Task to carry out >>
In the data below, restate exactly the lines from the one with "FILE – In this" to the final line, both included, but not the pictures.

Data shown >>
== Segment start ==

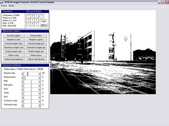 | Keywords: Imagen binaria.jpg UPIICSA IPN - Ingeniería en Informática Software para tratamiento de imágenes Una imagen binarizada es la representación gráfica de una matriz de MxN elementos numéricos los cuales solo pueden tener dos valores 0 ò 255 que corresponden al color negro y al blanco respectivamente 2006-10-19 own assumed Cyborg~commonswiki Image processing Instituto Politécnico Nacional |
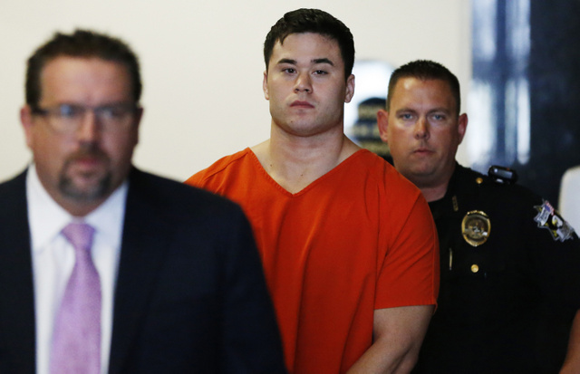 FILE – In this Wednesday, Sept. 3, 2014, file photo, Daniel Holtzclaw, center, an Oklahoma City police officer accused of sexually assaulting women he encountered while on patrol in neighborhoods near the state Capitol, is led into a courtroom for a bond hearing, in Oklahoma City. A preliminary hearing is scheduled Monday, Nov. 17, 2014, for Holtzclaw. (AP Photo/Sue Ogrocki, File)
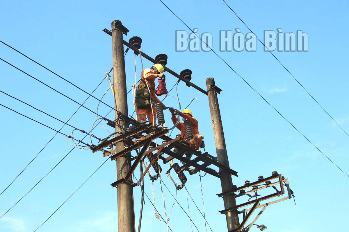 PC Hòa Bình tăng cường công tác kiểm tra, bảo trì hạ tầng lưới điện nhằm kịp thời xử lý, ngăn ngừa sự cố điện. Ảnh chụp trên địa bàn huyện Kim Bôi.

== Segment end ==

Solution to this problem >>
 FILE – In this Wednesday, Sept. 3, 2014, file photo, Daniel Holtzclaw, center, an Oklahoma City police officer accused of sexually assaulting women he encountered while on patrol in neighborhoods near the state Capitol, is led into a courtroom for a bond hearing, in Oklahoma City. A preliminary hearing is scheduled Monday, Nov. 17, 2014, for Holtzclaw. (AP Photo/Sue Ogrocki, File)
 PC Hòa Bình tăng cường công tác kiểm tra, bảo trì hạ tầng lưới điện nhằm kịp thời xử lý, ngăn ngừa sự cố điện. Ảnh chụp trên địa bàn huyện Kim Bôi.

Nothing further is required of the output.